License & redistribution¶
LSVQ is CC-BY-4.0. This fork ships the adapter and the schema in tree, but never the raw clips, the per-clip MOS values, or any derived feature cache. Only the trained nr_metric_v1_*.onnx weights ship, with CC-BY-4.0 attribution travelling alongside.
Related¶
- ADR-0367: LSVQ corpus ingestion.
- Research-0090: LSVQ corpus feasibility.
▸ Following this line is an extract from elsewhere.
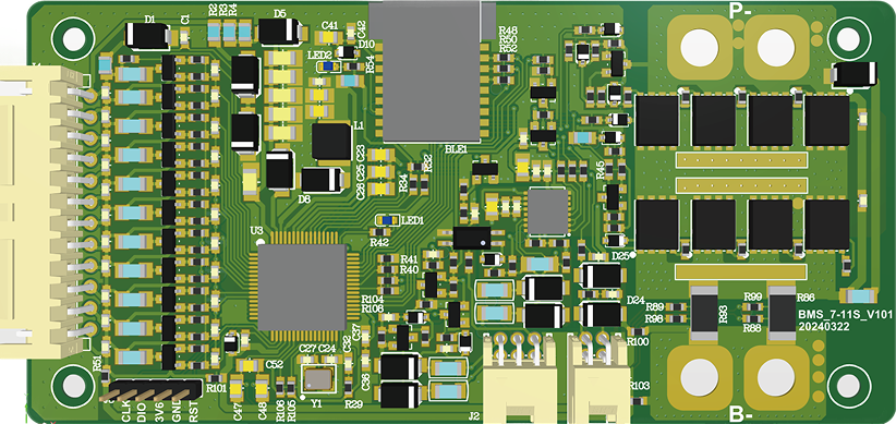 The 7-11S universal intelligent BMS protection board is designed specifically for 25-36V lithium batteries and is suitable for ternary lithium, lithium manganese oxide, and lithium iron phosphate battery cells. Adopting a universal low edge (negative control) driving scheme, using MCU and AFE two in one chips, providing ultimate cost-effectiveness while offering multiple safety protections, effectively enhancing the safety of lithium battery products. Supports RS485 and UART communication to meet users' regular communication application needs. Optional Bluetooth module, allowing users to view and set various battery information and parameters through a mobile mini program.

- Tiny-AI SOTA deep-dive (LSVQ vs DOVER vs FAST-VQA leaderboard context).
- ADR-0325 Phase 2 (KonViD-150k) — same adapter shape; this LSVQ adapter is a near-mirror modulo dataset specifics.
- ADR-0310 (BVI-DVC) — the first second-shard ingestion ADR; sets the local-only-corpus / redistributable-derivatives precedent.